◆ **WORK REQUEST**
Reproduce exactly, and only, the lines of the material below running from the line bearing "BEBE NOBLE荷葉邊網紗打底衫女秋冬季配毛衣紗衣內搭長袖蕾絲上衣" through the line bearing "Trolley aus 1000D". Leave any pictures out.

◆ **MATERIAL PROVIDED**
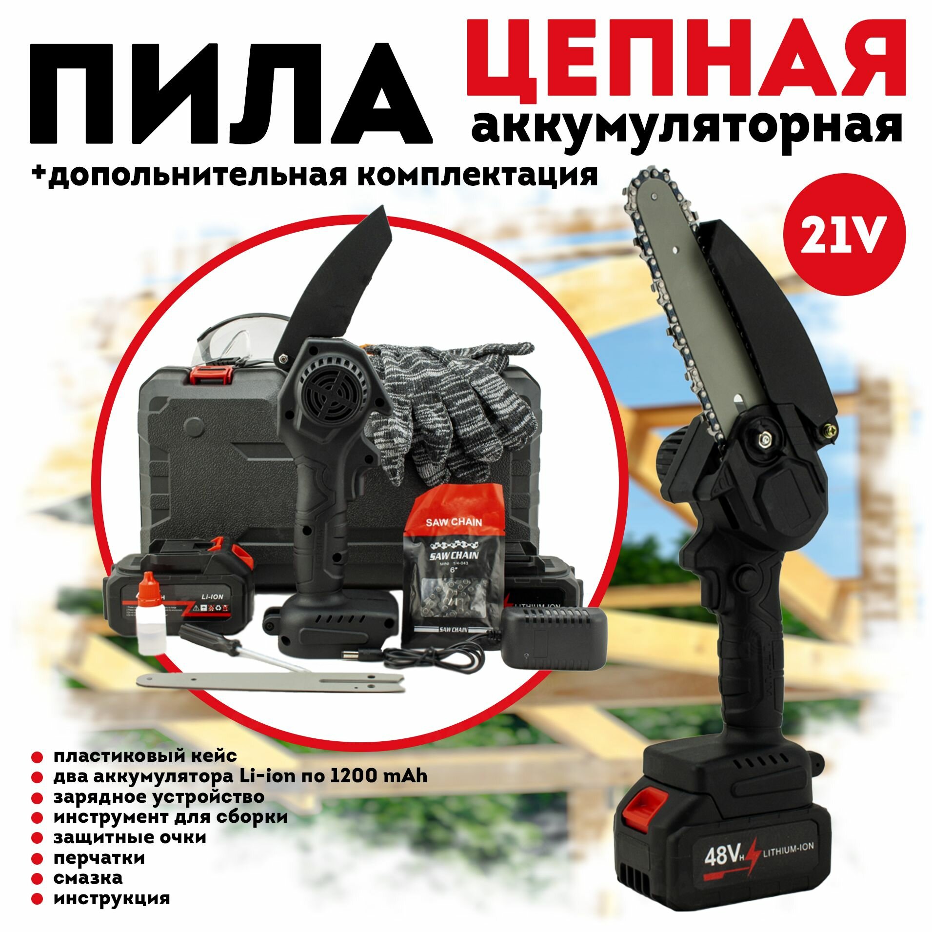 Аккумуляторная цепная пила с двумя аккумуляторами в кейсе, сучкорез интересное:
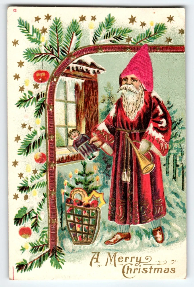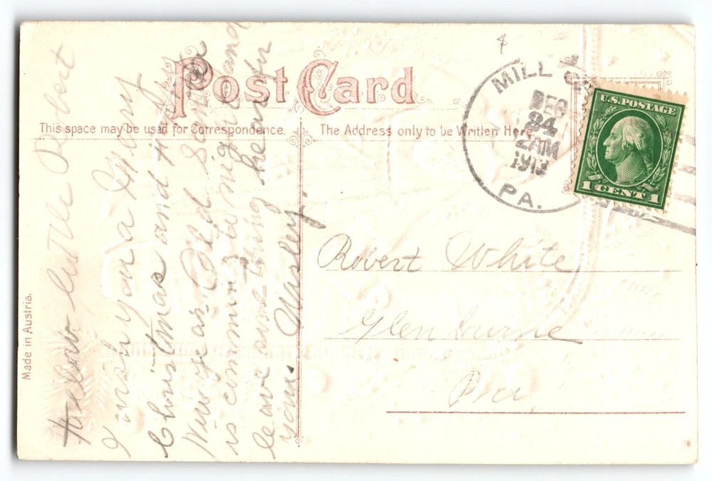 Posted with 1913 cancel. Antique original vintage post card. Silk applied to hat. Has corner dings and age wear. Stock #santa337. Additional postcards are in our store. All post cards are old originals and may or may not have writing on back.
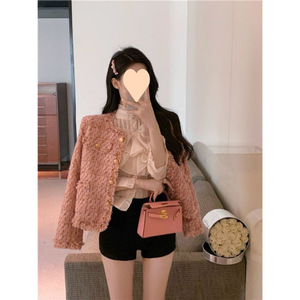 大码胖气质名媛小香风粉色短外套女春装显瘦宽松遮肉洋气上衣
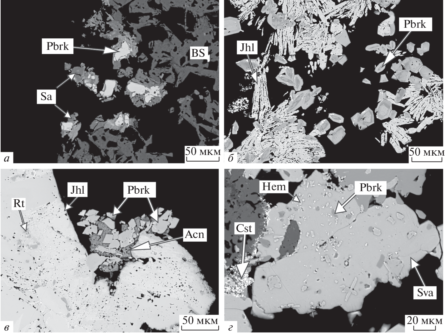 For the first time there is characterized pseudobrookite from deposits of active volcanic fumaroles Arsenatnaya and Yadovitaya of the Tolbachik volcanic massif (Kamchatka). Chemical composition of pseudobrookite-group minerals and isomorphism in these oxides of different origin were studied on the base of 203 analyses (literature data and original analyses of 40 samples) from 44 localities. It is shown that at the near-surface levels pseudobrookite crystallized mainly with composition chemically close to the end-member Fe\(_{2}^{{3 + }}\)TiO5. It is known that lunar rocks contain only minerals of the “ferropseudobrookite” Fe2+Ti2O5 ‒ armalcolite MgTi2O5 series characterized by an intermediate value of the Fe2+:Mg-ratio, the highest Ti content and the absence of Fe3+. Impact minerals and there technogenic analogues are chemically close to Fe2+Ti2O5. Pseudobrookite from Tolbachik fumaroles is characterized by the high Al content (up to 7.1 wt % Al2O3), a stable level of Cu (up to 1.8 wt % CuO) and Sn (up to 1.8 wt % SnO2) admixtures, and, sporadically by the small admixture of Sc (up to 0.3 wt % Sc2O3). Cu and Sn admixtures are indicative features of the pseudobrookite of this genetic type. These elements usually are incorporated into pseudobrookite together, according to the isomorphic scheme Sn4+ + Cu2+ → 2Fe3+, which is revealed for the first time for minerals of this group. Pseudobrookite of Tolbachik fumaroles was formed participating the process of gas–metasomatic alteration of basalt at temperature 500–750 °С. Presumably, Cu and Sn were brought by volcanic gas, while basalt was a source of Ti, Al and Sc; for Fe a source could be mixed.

* * *

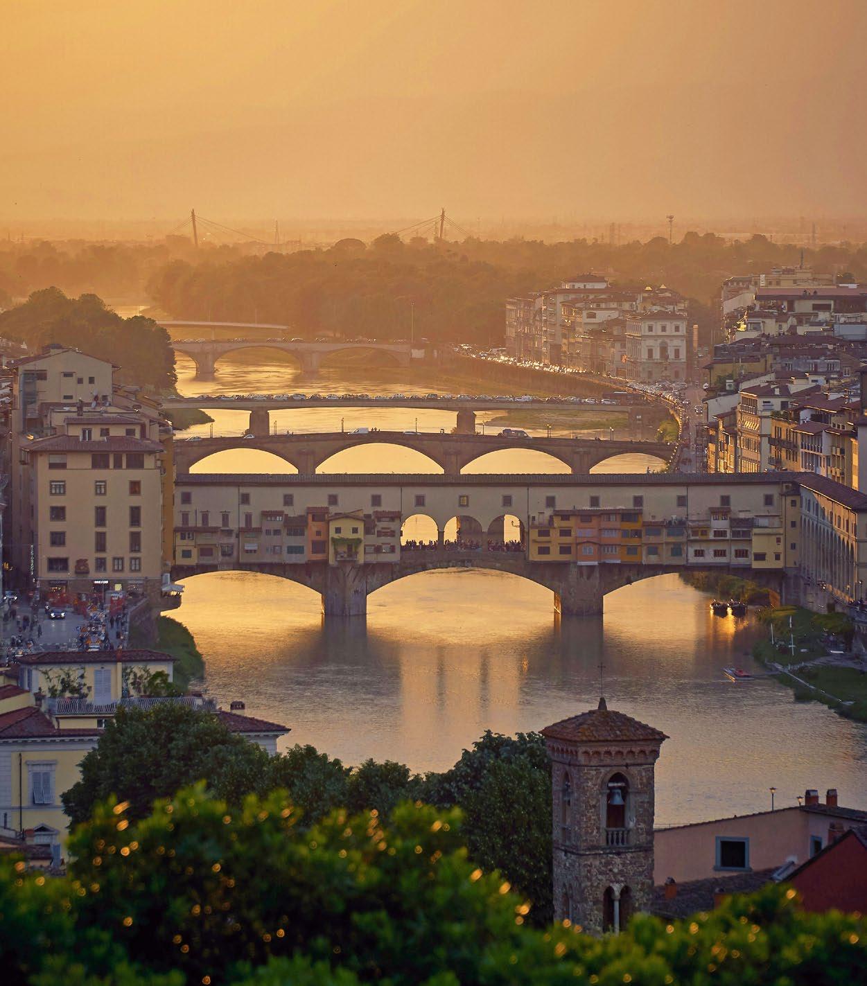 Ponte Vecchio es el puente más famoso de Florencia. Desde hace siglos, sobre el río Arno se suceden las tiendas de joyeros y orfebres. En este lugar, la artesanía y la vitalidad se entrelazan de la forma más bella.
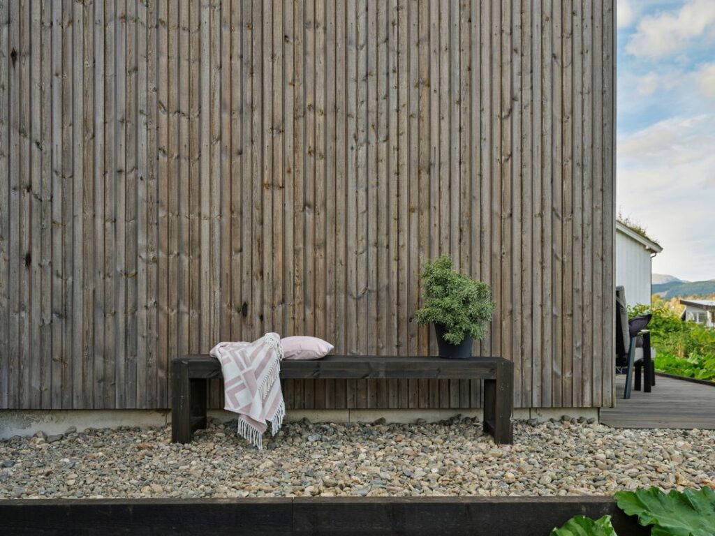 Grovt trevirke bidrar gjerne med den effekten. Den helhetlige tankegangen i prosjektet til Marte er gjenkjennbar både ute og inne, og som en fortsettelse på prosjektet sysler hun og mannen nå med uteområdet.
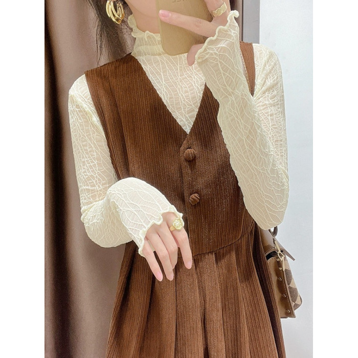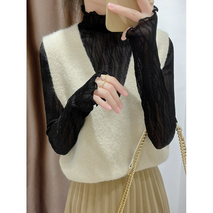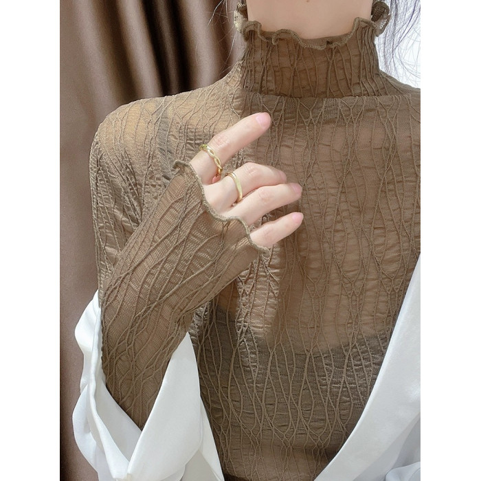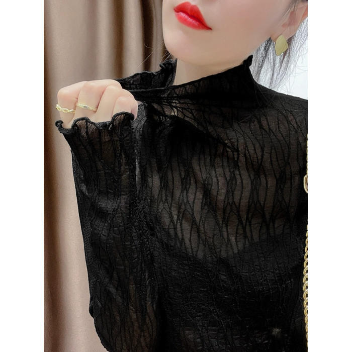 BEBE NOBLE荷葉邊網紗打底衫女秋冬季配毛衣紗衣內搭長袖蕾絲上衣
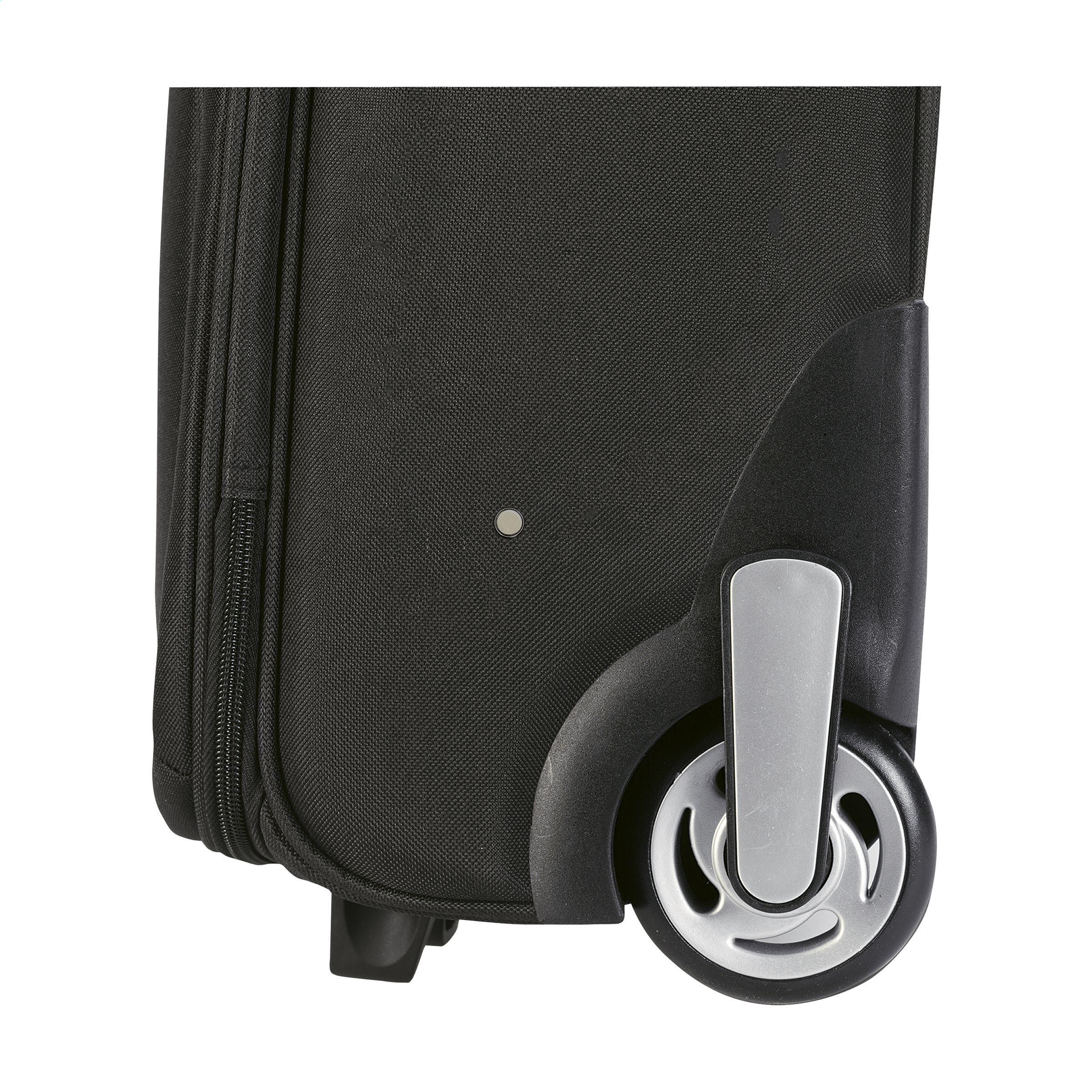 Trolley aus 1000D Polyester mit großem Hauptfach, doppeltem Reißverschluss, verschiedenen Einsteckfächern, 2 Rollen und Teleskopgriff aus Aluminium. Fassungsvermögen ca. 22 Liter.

◆ **TASK OUTPUT**
 BEBE NOBLE荷葉邊網紗打底衫女秋冬季配毛衣紗衣內搭長袖蕾絲上衣
 Trolley aus 1000D Polyester mit großem Hauptfach, doppeltem Reißverschluss, verschiedenen Einsteckfächern, 2 Rollen und Teleskopgriff aus Aluminium. Fassungsvermögen ca. 22 Liter.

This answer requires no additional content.